Consider the picture (it is a little exaggerated), the green is a representation of a bit which is perfectly trammed or aligned with the bed, as it cuts it will leave a level surface. The red, which is un-trammed, will cut a groove out of the stock (the shape depends on which way the bit is moving) The larger the bit the more the effect will be.
This can be noticeable when you surface a large area and the bit will leave a
‘ripple’ effect on the surface as one side cuts deeper than the other.
Unless it is really out of alignment, which is very unlikely, the importance of tramming depends entirely what work you are going to be doing, if you are just using V carving to make signs or engravings then it will be very difficult to see any difference between a perfectly trammed router and one which is a little out.
However, if you are trying to leave flat surfaces, cutting something like Inlays or parts to assemble the effects can become important.
Some terms and descriptions
What is a Dial Gauge?
You don’t need one for this but they are mentioned here, so if you know what
they are already, move on.
A Dial Gauge uses a probe to measure small changes in distance which can be read from the hands on the dial, typically accurate to 0.01mm.
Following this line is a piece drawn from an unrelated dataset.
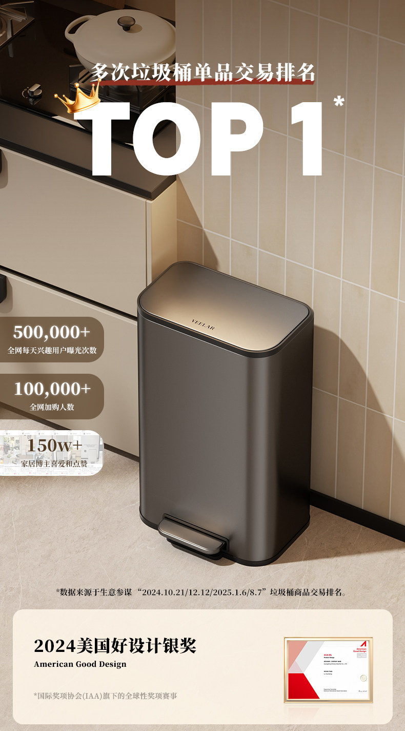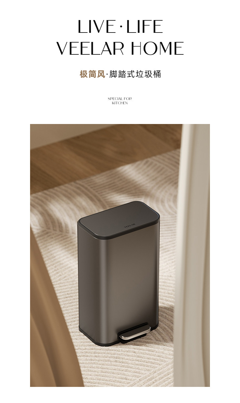 VEELAR厨房垃圾桶大号大容量2025新款家用客厅轻奢高档不锈钢意式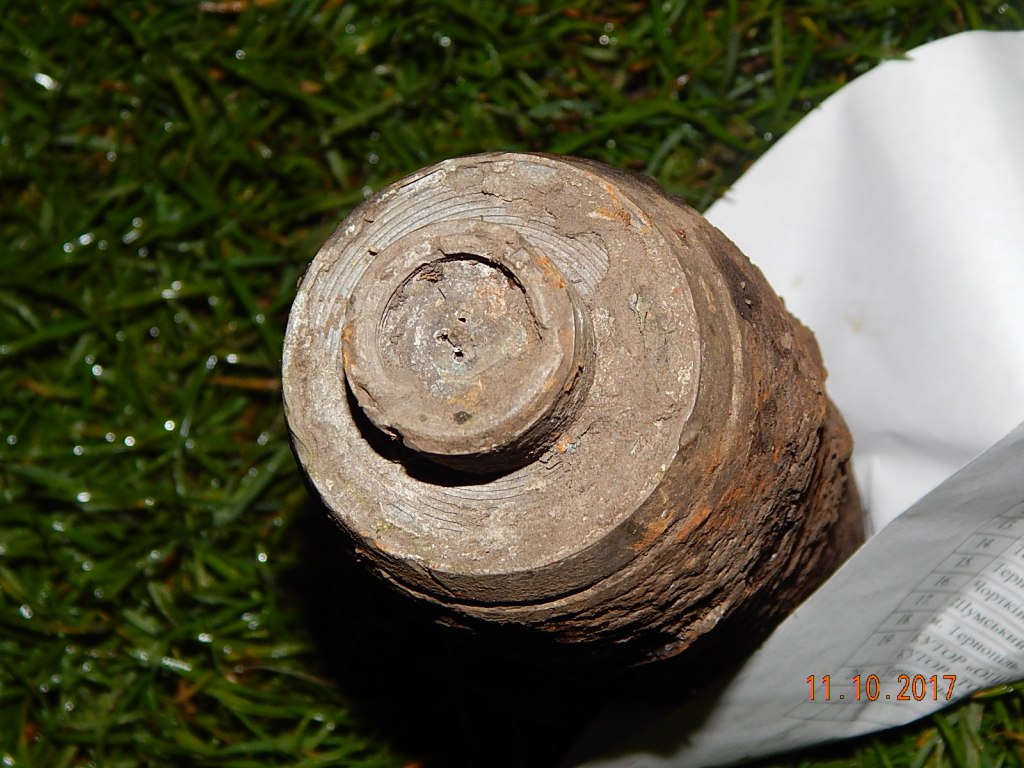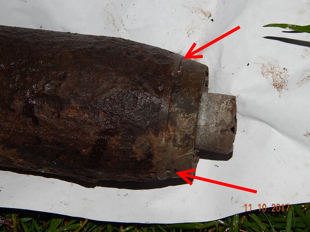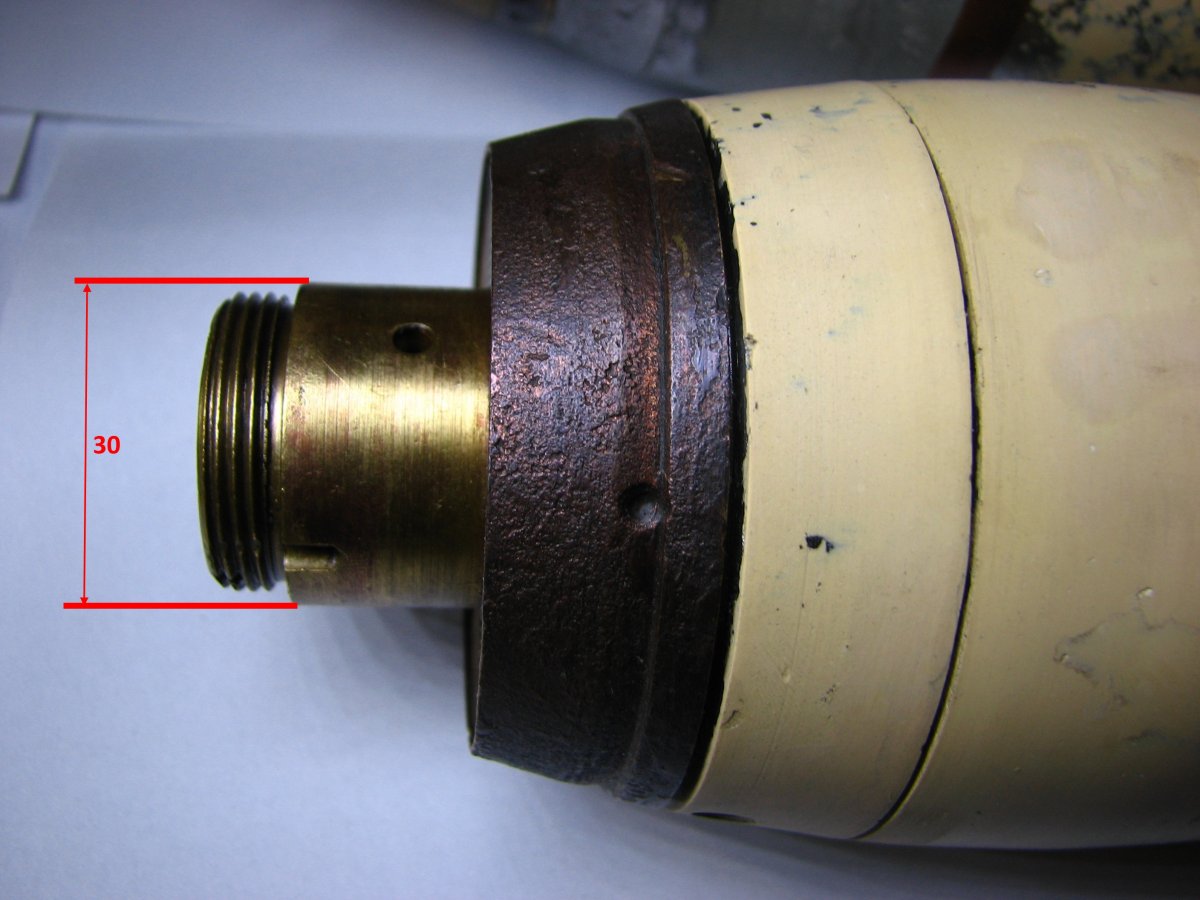 Наконец дошли руки до ответа. Вот универсал и шрапнель с размерами для сравнения. Для 8 cm M14 характерен уступ, куда насаживался защитный колпачок и наличие точек его кернения. Только у ТС резьбу и прижимную гайку сорвало при ударе. Далее просматриваются характерные контуры детонирующего устройства. Вот оно само Но всё же для более точной идентификации нужно снять размеры. Вашем же случае Вы пилили крышку шрапнели в самом толстом месте на уровне стопорного винта. А стык находится ровно на столько же ниже от Вашего пропила.

As the probe is
moved in or out the measurement shown on the dial changes, useful for measuring small, relative, distances. Lots of options (and prices available), mine cost me ~£10.
They can be mounted in a variety of ways, the one I am using here uses the probe holder (8mm diameter) inserted into the tramming bar.
Square vs Trammed
A critically important step to complete before even thinking about tramming the router is making sure it is square.
Square means that the X and Y movement of the router maintains a constant height of the centre of the bit over the bed/Spoilboard. In the picture the router is not square, but once the Spoilboard has been surfaced it will be square.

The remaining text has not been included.